国家が発行する以外の通貨の形態

 通貨は国が発行するという常識は、実はそれほど長い歴史を持っているわけではない。例えば、江戸時代、通貨は各藩が発行し、また、有力な商人は地域で通用する通貨を発行していた。両替商は、このような複雑な通貨の交換を行うことで利益をあげていたわけだ。今の通貨、円が登場したのは、明治になってからで、円以外の通貨を使うことを禁止したため、日本の通貨=円、という構図ができあがった。しかし、最近、その概念は、幾つかの方向からゆらいできている。
 国が発行する通貨に対し、堂々と反旗を翻したのは地域通貨を発行した米国イサカ市である。国の政策は必ずしてもいつも正しいわけではなく、場合によってはインフレなどを起こすこともある。そのような時に、国が発行した通貨しかないと、インフレの波をそのままかぶってしまうことになるが、もし、地域通貨があれば、その通貨が流通する地域では、国の通貨とは独立した形で、経済活動を持続できるはずだ、という信念に基づいている。イサカ市で発行している通貨hourは、基本的に人が1時間働いたことに対する報酬の相場として定義されている。この通貨が脱税の手段として使われることを恐れた国は、使用禁止を訴えたが、裁判の結果、ドルとの交換レートを明示して、そのお金の流れに相当する税をきちんと納めること、という条件を満たせば、地域通貨を発行して流通してもかまわない、という判決がでた。これを受けて、全米には地域通貨を発行するところが数多く現れた。地域通貨は日本でも使っているところがあるようではあるが、あくまで小さな地域に限定されているようである。

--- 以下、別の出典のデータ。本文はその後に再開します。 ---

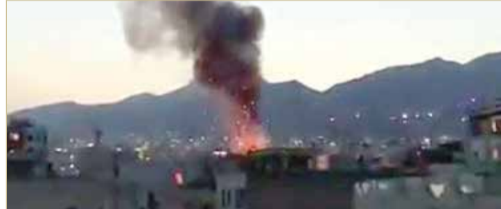
مقتل شخصين بانفجار وقع في مصنع بالعاصمة طهران

◆ إيران تهدد بـ "الرد المناسب" إذا ثبت تدخل خارجي بانفجار نطنز
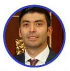
Rep. Nicolás Barguil Partido Conservador Córdoba
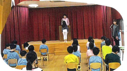
来てもらっている方に正しい姿勢で 入場に向けて物事への取り組み方を 伝えます
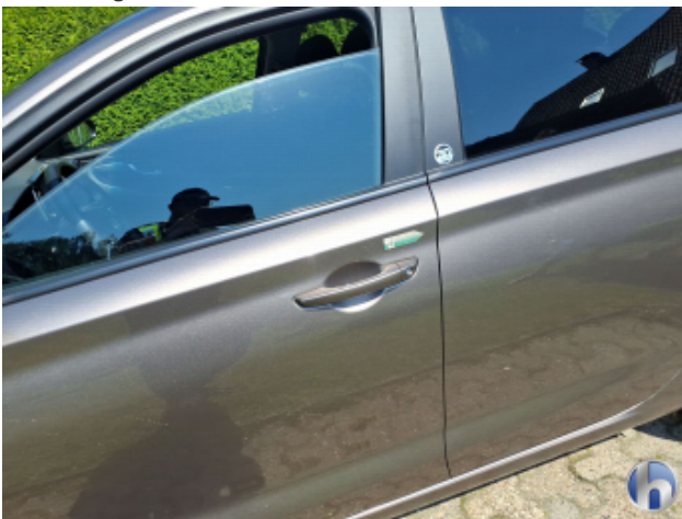
2. Tür Vorne - Links Kratzer - Smart Repair

 もう一つの最近の大きな流れは、企業が発行するポイントやマイレッジである。最近、ポイントやマイレッジの交換がかなりできるようになり、ものを買うこともできるので、これは事実上通貨と言える。昨日、電車に乗るための電子通貨システム、スイカパスモなどが2−3年後には全国で使えるようになるというニュースが流れていたが、これが実現すれば、電子通貨はますます流通が多くなることは確実だ。しかも、スイカパスモは顧客のロックイン効果を狙って、買い物をするとポイントが加算されるような仕組みなっているので、この電子通貨は、単に円を電子化したものではなく、運営する企業が通貨の発行量をコントロールできる通貨である。ポイントやマイレッジでの買い物に対してどのように課税されているのか、されていないのか、詳しくは知らないが(ご存知の方、教えて下さい)、その辺りのルールや通貨の発行量に対する制限や、万が一、運営している企業が倒産した時の処理方法など、おそらくまだまだ手薄になっている領域がかなりあると思われる。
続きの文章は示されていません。